Making Sankeys

Overview

To facilitate the partition level data processing, the updates to the sankey workflow allow for the subject-level calculations to be done in a separate step from the sankey creation. The only difference now between the old data formats of the cohort and events file is that no relative time needs to be calculated–as long as dates are supplied the package can figure it out.

ID Level Data

First, the id level data are created used sankey_id_events or sankey_id_ansible. The only difference is the second argument – sankey_id_events takes in a data.frame in long format with a start date/ end date associated with each event. sankey_id_ansible requires that the second argument is a data.frame in ansible format (the same format required by sunbursts).

If you aren’t making a sunburst, might as well use sankey_id_events so you don’t have to deal with the overhead of converting all the data, which can take awhile.

The idea is that when the cohorts are being created, creating the sankey subject level data can be done on smaller chunks of the data before the necessary summary at the end.

sankey_id_events(cohort, 
                 evts,
                 stages,
                 id_var = "patient_id", 
                 index_var = "index_date", 
                 states = NULL,
                 select_event = "combine")
                  
sankey_id_ansible(cohort, 
                  data,
                  stages,
                  id_var = "patient_id", 
                  index_var = "index_date", 
                  states = NULL,
                  select_event = "combine")

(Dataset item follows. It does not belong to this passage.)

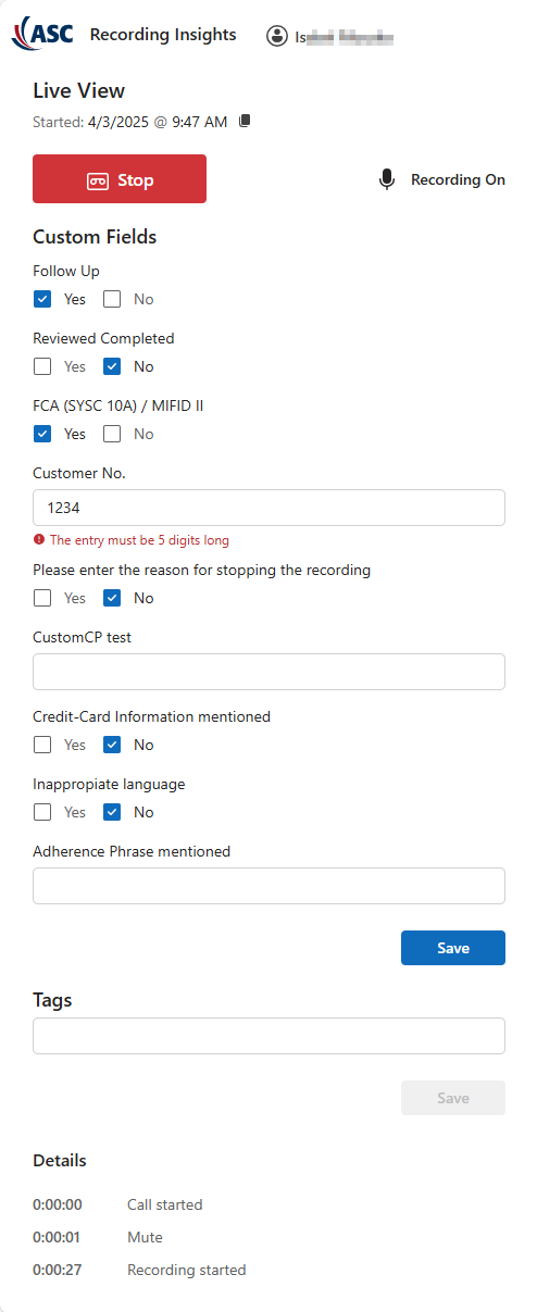 The view of the live conversation varies depending on the Recording Type. The Recording Type is defined in the recording rule.

This is to help facilitate running on partitions on the id-level first, before the summarizing step in sankey_list_maker. sunburst_id_data requires a cohort, an ansible style data.frame, and which “states” are wanted. It returns a list of the resulting data.frame and the states, so it can directly be fed into sunburst_maker.

Below is an example of the format of the event data, with a start/end date with a corresponding state:

events <- nsSank::convert_tagged_cdf(cdf)
events  %>% 
  head() %>% 
  rmarkdown::paged_table()

Below is an example of the format of cohort data. An id-level variable, index date variable, censor date variable, death_date, and any potential stratification variables.

cohort %>% 
  head() %>% 
  rmarkdown::paged_table()

Both sankey_id_events and sankey_id_ansible return a list that contains the id-level data, the identified states, and the identified stages (timepoints). In the id-level data frame, states and combinations of states are represented as base2 integers.

sankey_id_data <- nsSank::sankey_id_events(cohort, events, states = c("a", "b", "c"), stages = c(0, 90, 180))

You can indicate whether you want the function to choose the first state, last state, or combine overlapping events with . The default is to combine. You can see there aren’t any overlapping events, since we are choosing the most recent prior event instead of combining.

choose_last <- nsSank::sankey_id_events(cohort, events, states = c("a", "b", "c"), stages = c(0, 90, 180), select_event = "last")

PHR Sankey Data

Once you have the id-level data, you can summarize and create your sankey list for a PHR. This returns a list of length one, with options needed for the sankey.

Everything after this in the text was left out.